**Provided material:**

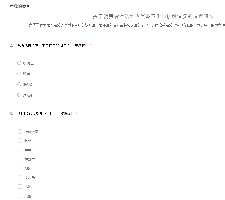 关于洁婷透气型卫生巾的市场调查问卷
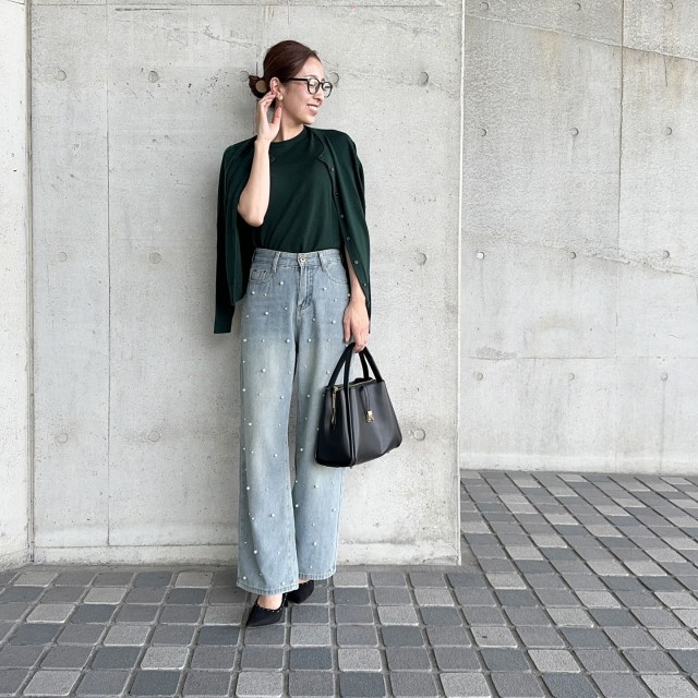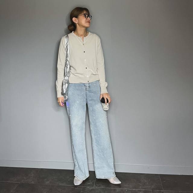 パール付きデニムパンツ×カーディガンのコーデ
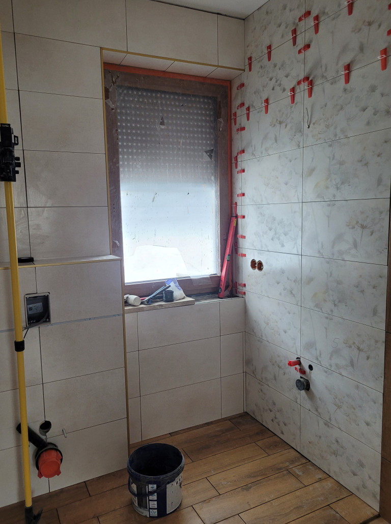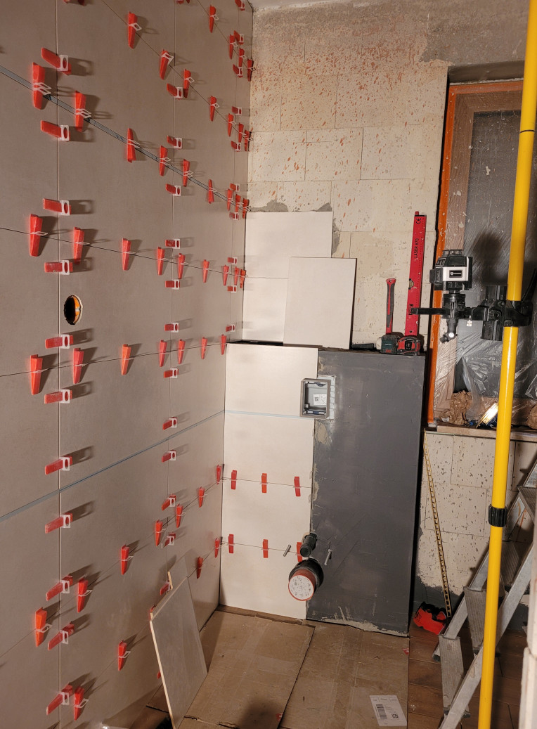 Zaczelismy od gresu na podlodze (15×61cm) i jednej ze scian pod prysznicem. Potem plytki na scianach 30x60cm.

**Task directions:**
Your answer must be the lines from the line containing "パール付きデニムパンツ×カーディガンのコーデ" through the final line of the data, written out exactly, both ends included and pictures left out.

**Answer section:**
 パール付きデニムパンツ×カーディガンのコーデ
 Zaczelismy od gresu na podlodze (15×61cm) i jednej ze scian pod prysznicem. Potem plytki na scianach 30x60cm.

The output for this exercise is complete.